I was at the Johann Strauss Gala Concert in London last year, but the name of one of the many great songs I heard has gone blank.

I was lucky to record part of it live with my dictaphone which I left in my pocket after work.

The quality is poor, but does anyone know the name of this tender yet glass breaking song?

http://www.zippyvideos.com/1462091686828536/theatre_concert/

P.S. I love classical music, but there's nothing like a hot jazz band.


----------



## Kurkikohtaus (Oct 22, 2006)

I believe that's Rosalinda's aria from *Die Fledermaus*, but I could be confusing it with an aria from *Zigeunerbaron*... not exactly my preferred or specialized genre.
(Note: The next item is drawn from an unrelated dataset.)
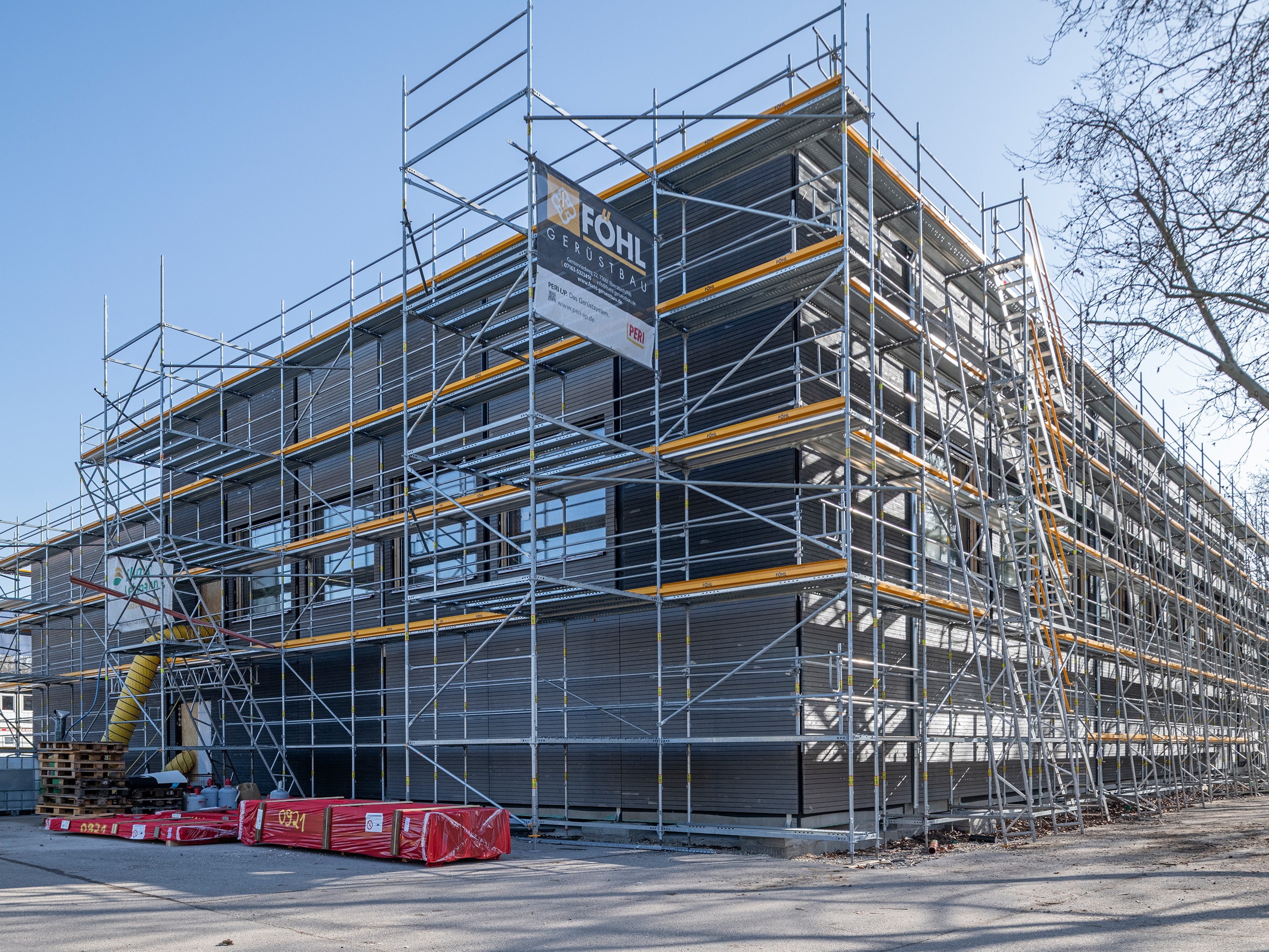 | Ablauf | 2025 Aufnahme als Vorhaben im IBA’27-Netz 2024 Verhandlungsverfahren mit Teilnahmewettbewerb: Pool out of the Box GmbH, Heidenheim (Generalübernehmer) mit 4a Architekten, Stuttgart (Planung) und Blumer Lehmann, Gossau/Schweiz (Modulbau) sowie verschiedene Fachplaner:innen 2026 Aufnahme als IBA’27 Projekt 2026 geplante Fertigstellung |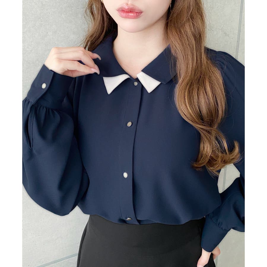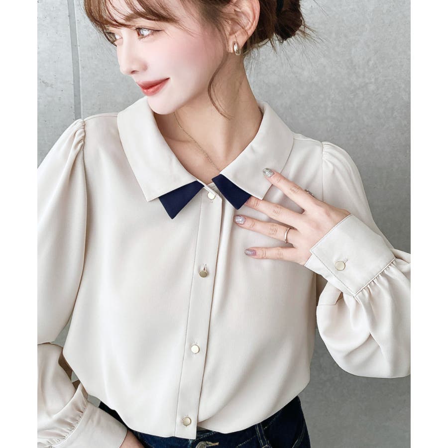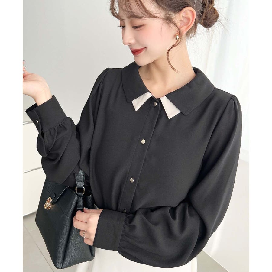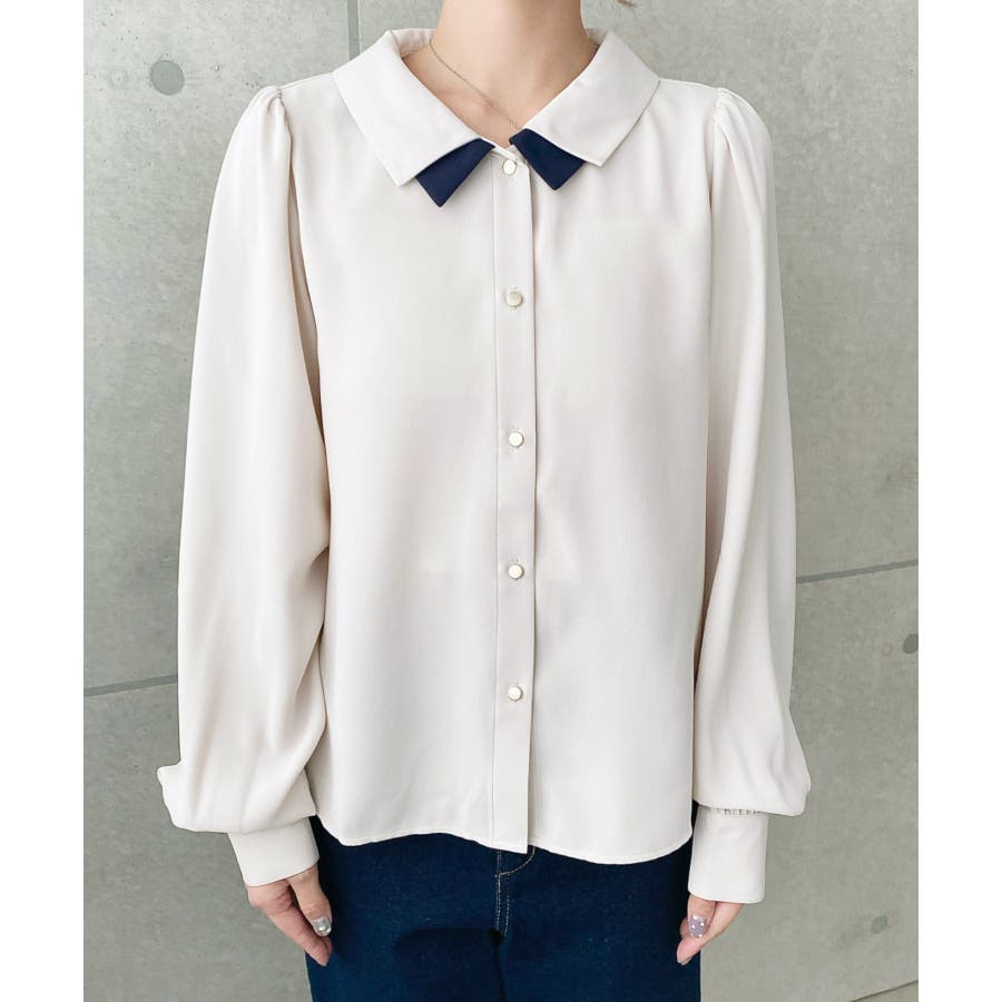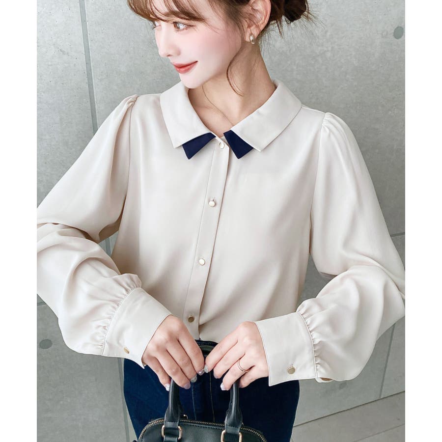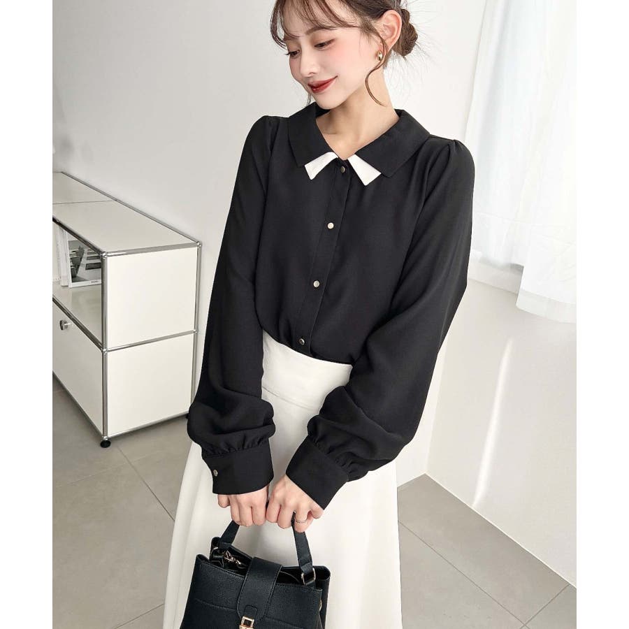 ・バイカラーの小さな襟がお洒落なコーデがランクアップするブラウスです♪

Any operetta experts here?


----------



## Guest (Apr 17, 2007)

I think that it is the Laughing Song "Mein Herr Marquis" from:

DIE FLEDERMAUS - ZWEITER AKT:

ADELE : 
Mein Herr Marquis,
einMann wie Sie sollt' besser das verstehen,
Darum rate ich nur genauer sich die Leute anzusehen!
Die Hand ist doch wohl gar so fein, 
Ach! Dies Füßchen, so zierlich, so klein,ach!
Die Sprache, die ich führe, die Taille, die Tournüre,
Dergleichen finden Sie bei einer Zofe nie!
Gestehen müssen Sie fürwahr,
sehr komisch dieser Irrtum war!
Ja, sehr komisch.
Ha ha ha, Ist die Sache, Ha ha ha,
D'rum verzeih'n Sie, Ha ha ha, Wenn ich lache,
Ha ha ha...

i found a translation, if necessary:

http://www.charlottechurch.net/ubbt...er=1410&page=0&view=collapsed&sb=5&o=&fpart=1


----------